On Apr 13, 2005, at 4:12 AM, Dawid Kuroczko wrote: > On 4/12/05, Matt Van Mater <matt.vanmater@gmail.com> wrote: >> I've been experimenting with loading a large amount of data into a >> fairly simple database using both psql and perl prepared statements. >> Unfortunately I'm seeing no appreciable differences between the two >> methods, where I was under the impression that prepared statements >> should be much faster (in my case, they are slightly slower). > > I've been playing with similar issue and in my case the best solution > for bulk insert was using perl to format data in form suitable for COPY > command. I second this approach. Generally, getting the data into the database can be done VERY quickly (for the 18k rows you have, it would likely be instantaneous to copy them). I often create a separate "loader" schema into which I load text files.
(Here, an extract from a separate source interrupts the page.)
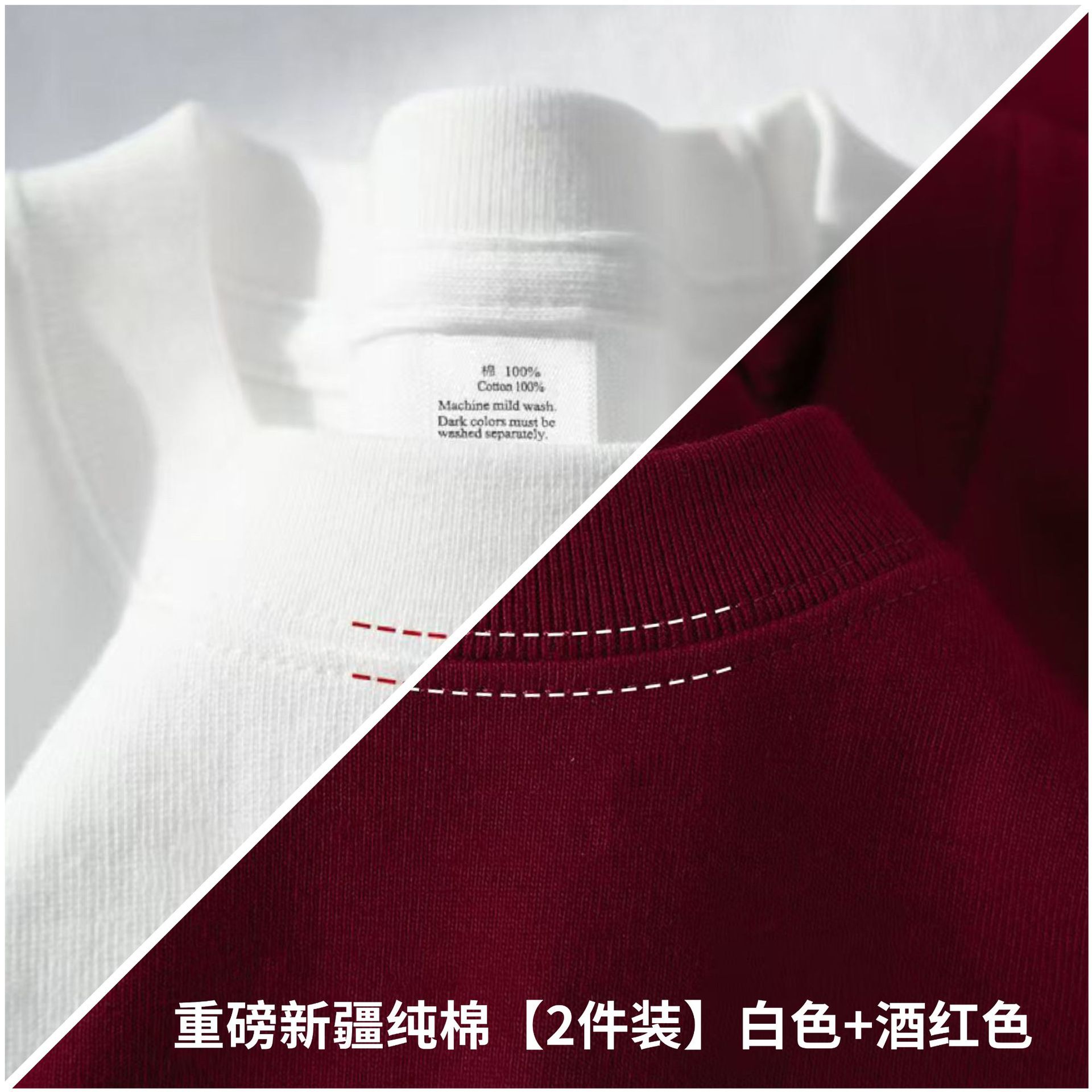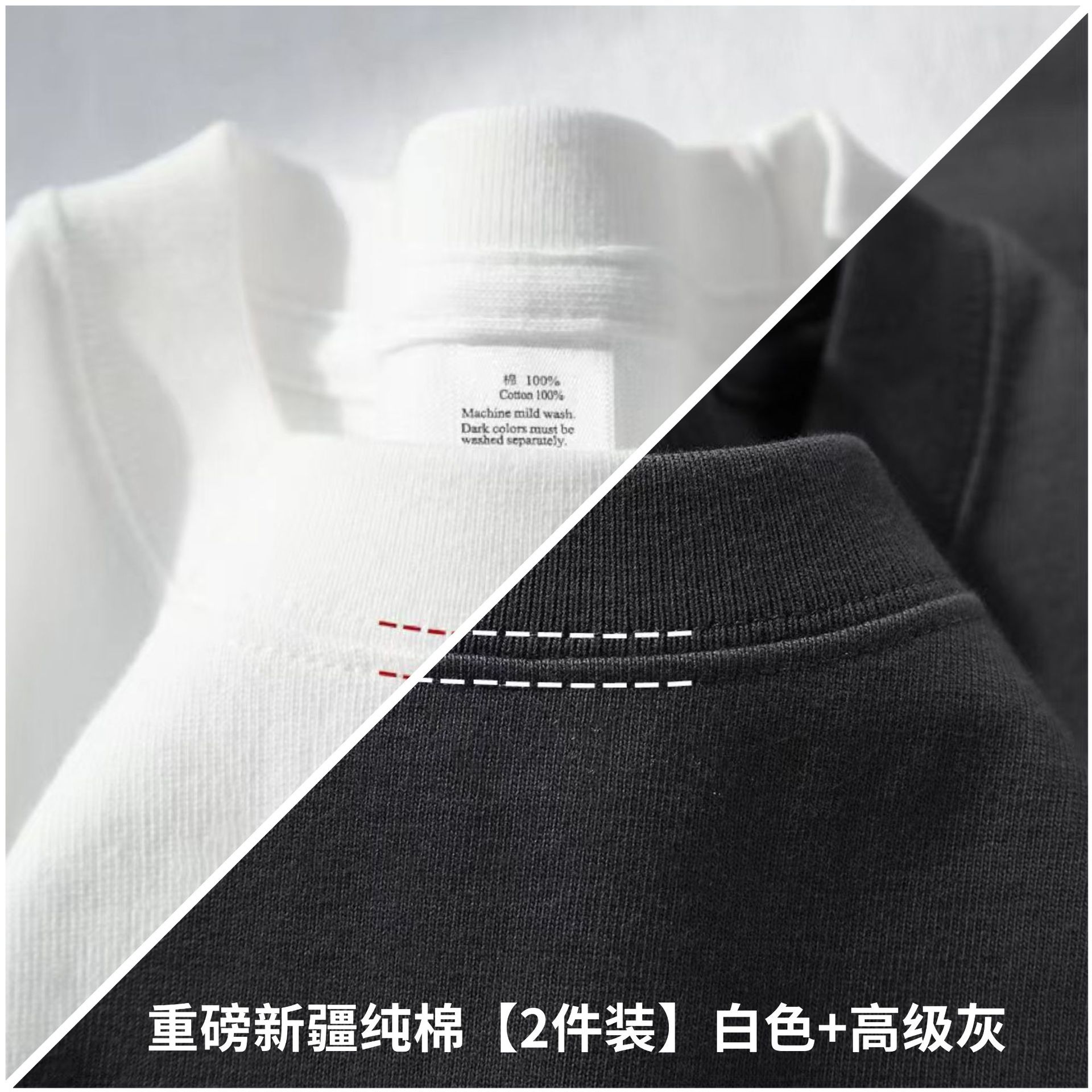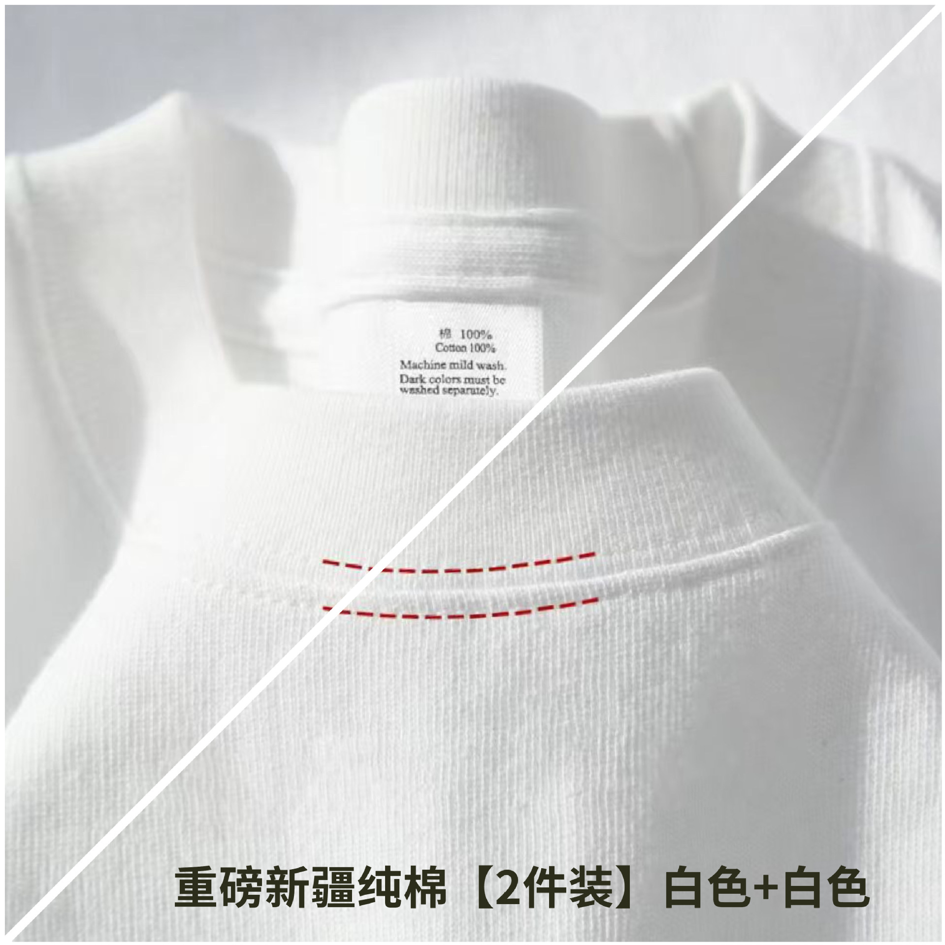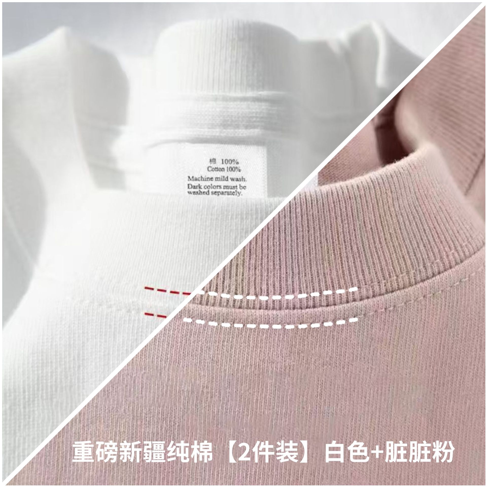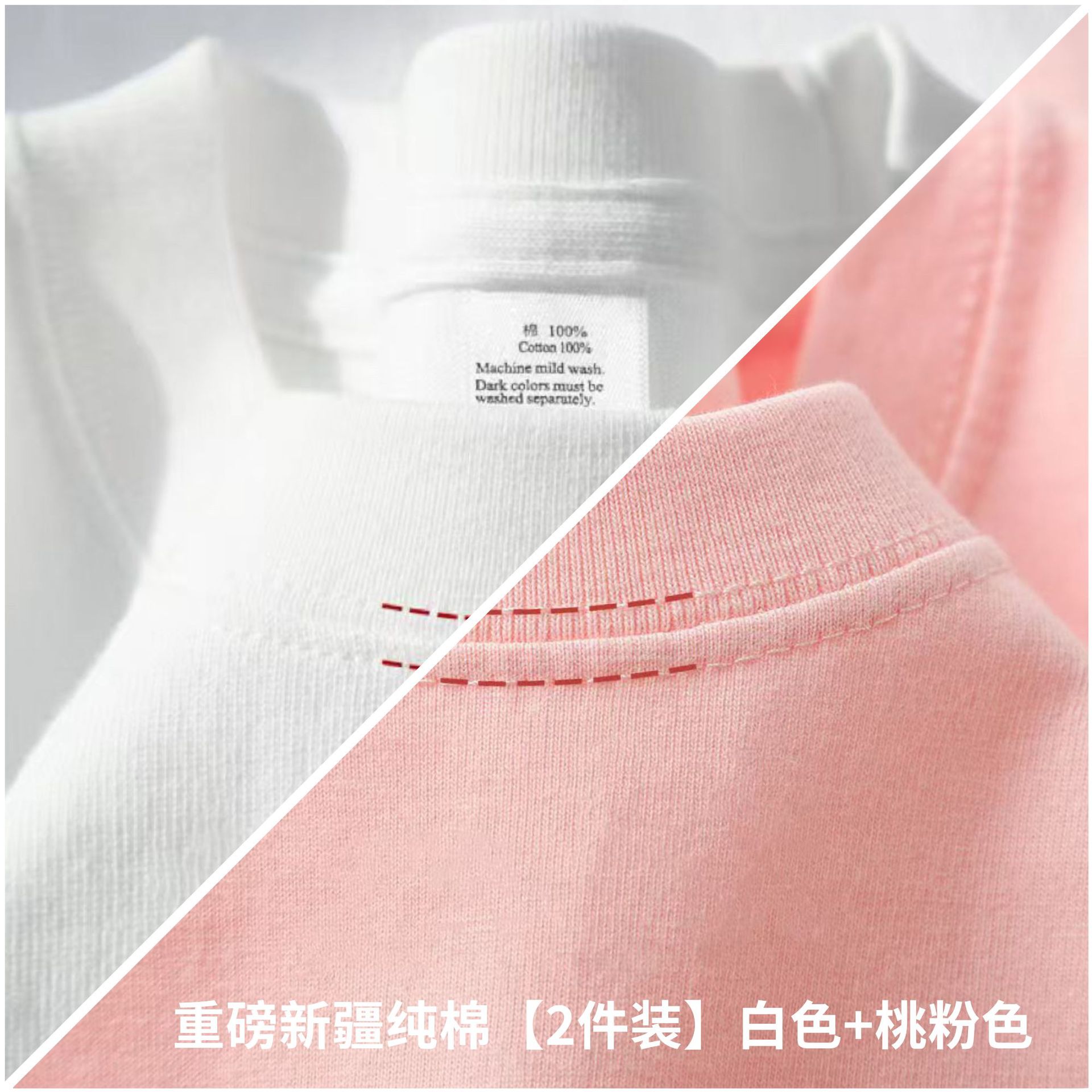 {2 팩} 360G 헤비 신강 코튼 화이트 짧은 소매 티셔츠 여성용 느슨한 솔리드 컬러 조커 하프 슬리브 베이스 남자 여름

Then, I can use SQL, triggers, or functions to "clean up" the data, enforce referential integrity, etc. within the database. If you have perl code to do this, you can probably modify it just slightly to be used in a pl/perl function to do the same thing as before, but now it is done on the server side and will probably be significantly faster. Sean
Dawid Kuroczko wrote: > For a test you might want to try also this approach (both from perl and > from psql): > > $dbh->do('PREPARE sth_tim (int,inet,boolean,timestamptz) AS INSERT > INTO timestamps VALUES ($1,$2,$3,$4)'); > $sth_tim = $dbh->prepare("EXECUTE sth_tim(?,?,?,?)"); > > ...and later execute it. (and likewise with psql). If you'll see gain in speed > with perl it means your DBD::Pg wasn't using server side prepared > statements. The intent of prepared statements is to reduce the overhead of running the parser, rewriter and planner multiple times for a statement that is executed multiple times. For an INSERT query without any sub-selects that is not rewritten by any rules, the cost to parse, rewrite and plan the statement is trivial. So I wouldn't expect prepared statements to be a big win -- you would gain a lot more from batching multiple inserts into a single transaction, and more still from using COPY. -Neil
Thanks to all who replied. Thanks for the tip on that last thread Tom, I don't know how I missed it. I have a hunch that it's not applicable to me at this time because I'm running a year and a half old software (included in OpenBSD 3.4), but I will have to check which version of DBD::Pg was installed. > The intent of prepared statements is to reduce the overhead of running > the parser, rewriter and planner multiple times for a statement that is > executed multiple times. For an INSERT query without any sub-selects > that is not rewritten by any rules, the cost to parse, rewrite and plan > the statement is trivial. So I wouldn't expect prepared statements to be > a big win -- you would gain a lot more from batching multiple inserts > into a single transaction, and more still from using COPY. I was thinking something along the same lines, and was considering using the COPY statement as my next step, but as someone mentioned then I have to load it into a temporary database and then do some more internal magic to preserve referential integrity, unique contraints, etc. For that reason I was hoping to keep it in perl, and it's always nice to keep everything in a single neat portable package. Also, I forgot to mention earlier that I tried using transactions to speed things up, but since I expect to see certain inserts fail I would need to rework my code so the whole transaction doesn't fail if one insert goes bad. This is somewhat contrary to the purpose of transactions so I'm not sure how to accomplish this. I saw roughly a 20% speed improvement by turning autocommit off and only committing at the end of parsing each file. I think in the end I need to check the version of my Pg driver and perhaps upgrade to 7.4 or 8.0 in order to take advantage of the server side prepared statements. This is only a development box and I'm doing this mostly as an academic exercise that will someday help me speed up the production side, so upgrading isn't out of the question. Matt
On Wed, Apr 13, 2005 at 09:57:09 -0400, Matt Van Mater <matt.vanmater@gmail.com> wrote: > > Also, I forgot to mention earlier that I tried using transactions to > speed things up, but since I expect to see certain inserts fail I > would need to rework my code so the whole transaction doesn't fail if > one insert goes bad. This is somewhat contrary to the purpose of > transactions so I'm not sure how to accomplish this. I saw roughly a > 20% speed improvement by turning autocommit off and only committing at > the end of parsing each file. You might get a small benefit using savepoints in version 8.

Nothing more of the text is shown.